- Born: Ed Colcer February 10, 1937 (age 88) Paterson, New Jersey, U.S.
- Genres: Jazz
- Occupations: Cornetist; bandleader; festival director; club owner;
- Instrument: Cornet;
- Years active: 1950s–present

= Ed Polcer =

American jazz musician

Ed Polcer (born February 10, 1937, in Paterson, New Jersey, United States) is an American jazz cornetist, bandleader, festival director, club owner, and mentor of young musicians. He has been described as a "melodic mellow-toned cornetist with an unforced delivery".

==Life and career==
Polcer started leading jazz bands while attending Princeton University. While at Princeton studying engineering, he was headed toward a promising career as a professional baseball player. During that time, he was asked to play at the wedding of Princess Grace and Prince Rainier in Monaco, as well as a concert in Carnegie Hall. He chose music over baseball.
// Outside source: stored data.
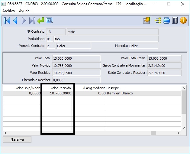 Ao atualizar a nota fiscal, será possível ver o Valor Recebido através do programa Consulta Saldos Contrato/Itens (CN0603).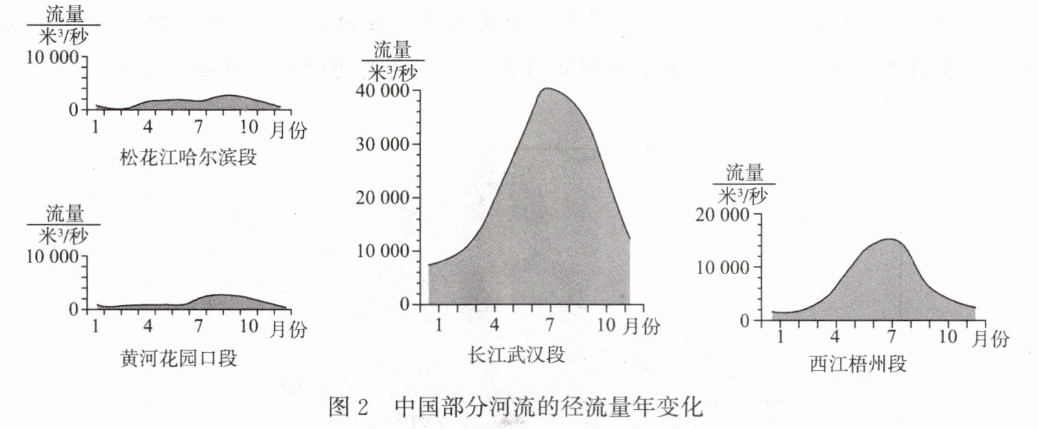2. 小宇和小亮计划清明节假期出游观察花鲈迁徙情况,计划选择松花江、黄河、长江或西江之一。请根据水文特征判断哪条河流下游花鲈种群可能最多,并结合图2说明理由。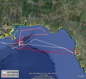 NOAA's flights over the Gulf in June. (Photo: Courtesy of NOAA) |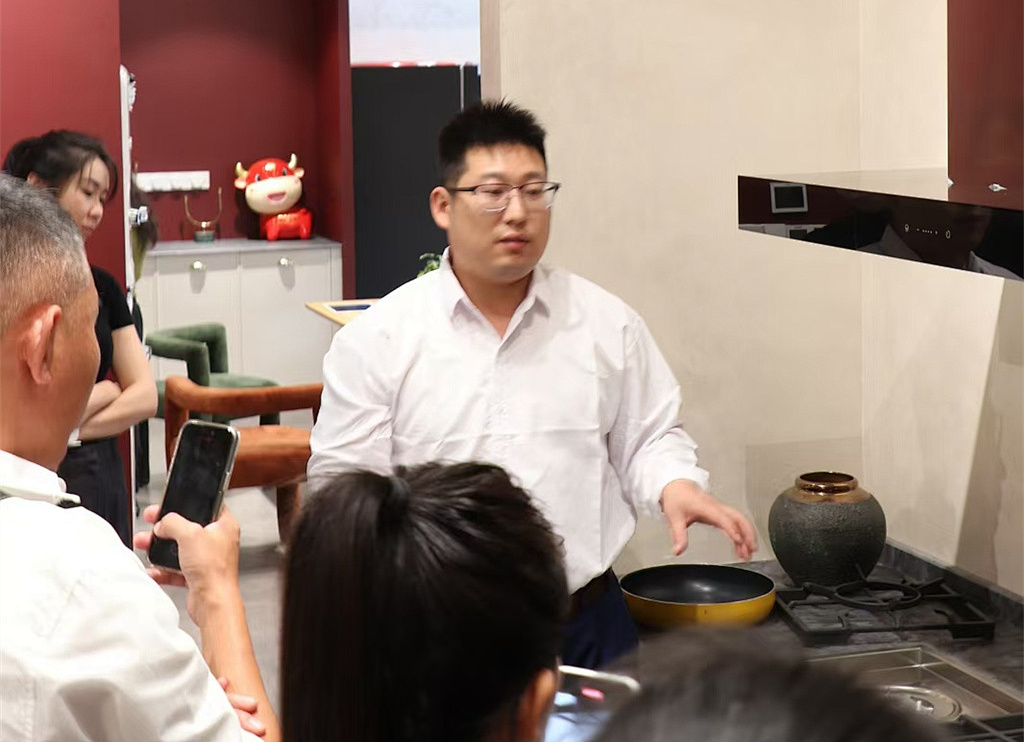 技术部总监俞水荣专业化地讲解订单落地安装流程、现场交底等服务细节,吸引大家专心倾听并认真做好笔记。

When cornetist Bobby Hackett recommended him to Benny Goodman, he abandoned his engineering and purchasing day jobs and joined Goodman's small band. Other musicians in that band included John Bunch, Bucky Pizzarelli, Slam Stewart, Al Klink, Zoot Sims, George Masso, and Peter Appleyard.

While in his 20s and 30s, Polcer played with Teddy Wilson, Bobby Hackett, Kenny Davern, Dick Wellstood, Gene Ramey, Sonny Greer, Joe Muranyi, Herbie Nichols and Joe Venuti.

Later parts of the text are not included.